Okay. And then Marty, in your comments on EPS for 2008, since I don't have the benefit of seeing what other reports are out there, can you just be explicit with the EPS range that you're seeing out there that you are comfortable with?

The range that I'm seeing out there, it's somewhere in the range of I believe it's $0.38 up to $0.42 or so that we're seeing out there.

Okay. So again, to emphasize, that's the range that you are comfortable -- you are comfortable with that range for 2008 despite the investments that you are talking about needing to make?

We're comfortable with the consensus of that range, yes.

Okay. And then how much is this fuel charge impacting gross margins?

Well it's impacting it at about -- the deterioration we saw in the quarter, it's roughly about half. It's up to close to about $150,000 in the quarter. So, and then there's another number of maybe $100,000 of other items which it's several different areas of additional cost.

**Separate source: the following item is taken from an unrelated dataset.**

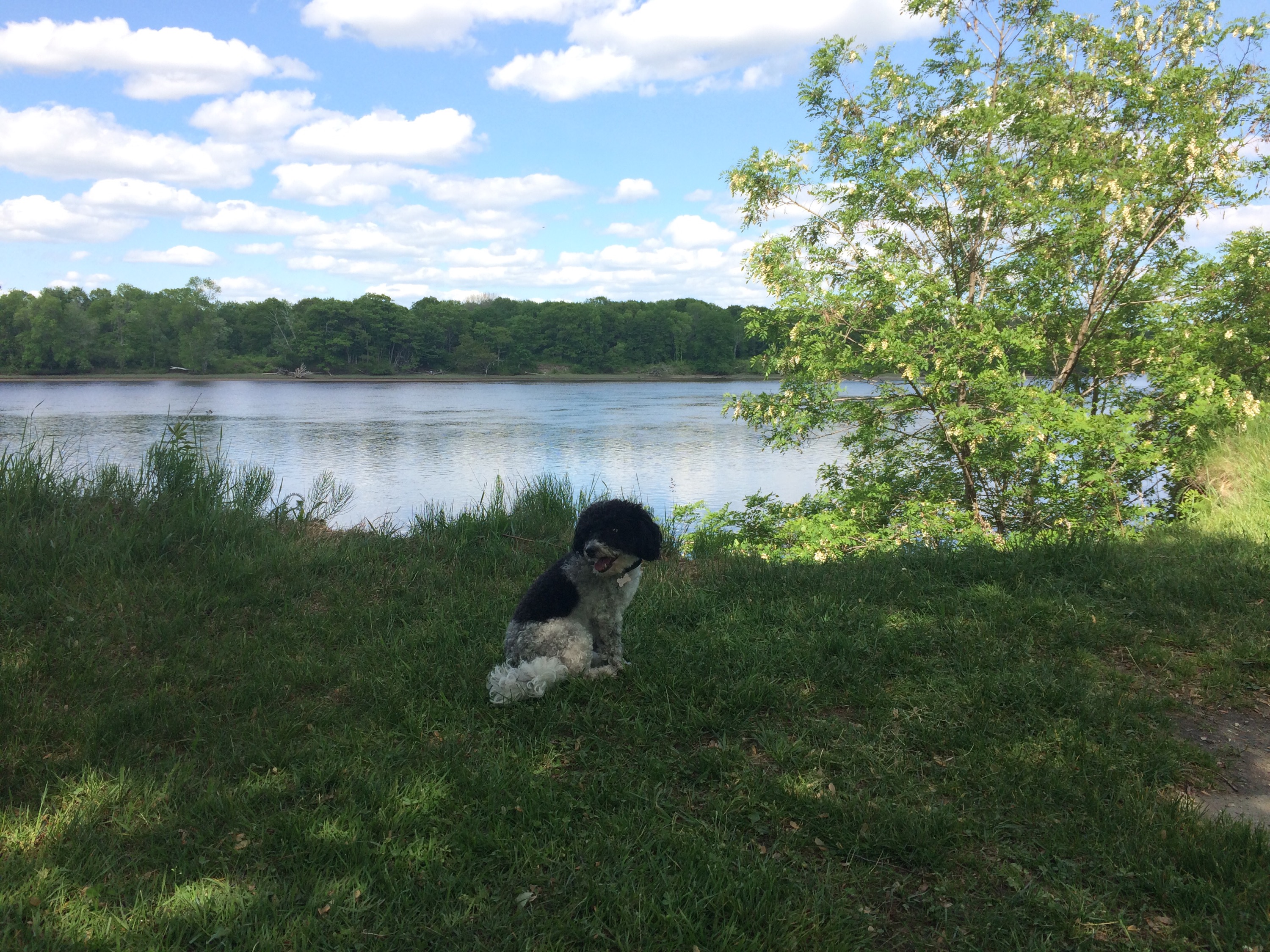 Joel, a former Navy pilot, and Nancy, a retired nurse, both in their eighties, were as sweet as can be. Even though we’d never met, they made me feel totally comfortable and welcome, and we talked with an ease of familiarity like we’d known each other forever. Even though our genetic link was limited, my father’s sister’s husband’s brother and his wife were already becoming very dear to me. Sadly, however, I had arrived during a time of grieving. Just that morning, they discovered that the puppy that they had hoped to nurse back to health after being delivered by emergency C-section had not survived through the night. Petunia and I watched as Joel buried the little box in the yard with great care. It was a hard day, but they were happy to see Petunia, I think, despite their sorrows. Poodles were obviously were obviously at the epicenter of Nancy’s life, and there wasn’t a surface that lacked some  image of the curly-haired, poof-ball tail breed. From the prancing poole coth napkins, to the wall decor with illustrations and fancy-breed magazine covers, the fuzz-domed crocheted wine-bottle cozy, to the many framed American Kennel Club awards, there were poodles everywhere. At one time they’d had seven dogs, but now there were just the three, after the sad absence of the lost puppy.

But I think the important point to note there is that the fuel surcharge, we do expect to continue, but already we've developed plans to mitigate that elsewhere within the income statement.

Okay. And then can you give me a sense as to what bad debt expense was in the quarter, that runs through the income statement in addition to the total bad debt accrual?

Yes, the bad debt expense in the quarter was about -- was just over $2 million or so in the quarter. That's how much we have, it's in G&A.

So $2 million of -- okay. So $2 million. And where is that running relative to your expectations?

It's right on what we expected, within our own modeling for 2008.

Okay, so, all right.

(multiple speakers)

$2 million for the quarter.

Probably if you are going to work with a number, I would say use $2.2 million, around there.

Okay. Thank you very much.

I'm sorry, Bob, that's -- sorry. You're welcome.

(OPERATOR INSTRUCTIONS). There are no further questions in the queue at this time.

So, let me thank you for your time today. We appreciate your support. We, the management team here, are fully committed to increasing the shareholder value and we will update you going forward on our progress. Thank you.

Ladies and gentlemen, if you joined the conference late today, you may listen to the conference on digital replay, which will be available from April 29 to May 13, 2008 on 888-286-8010 or 617-801-6888 with pass code 50515401. This does conclude today's cup presentation, and you may now disconnect. Have a great day.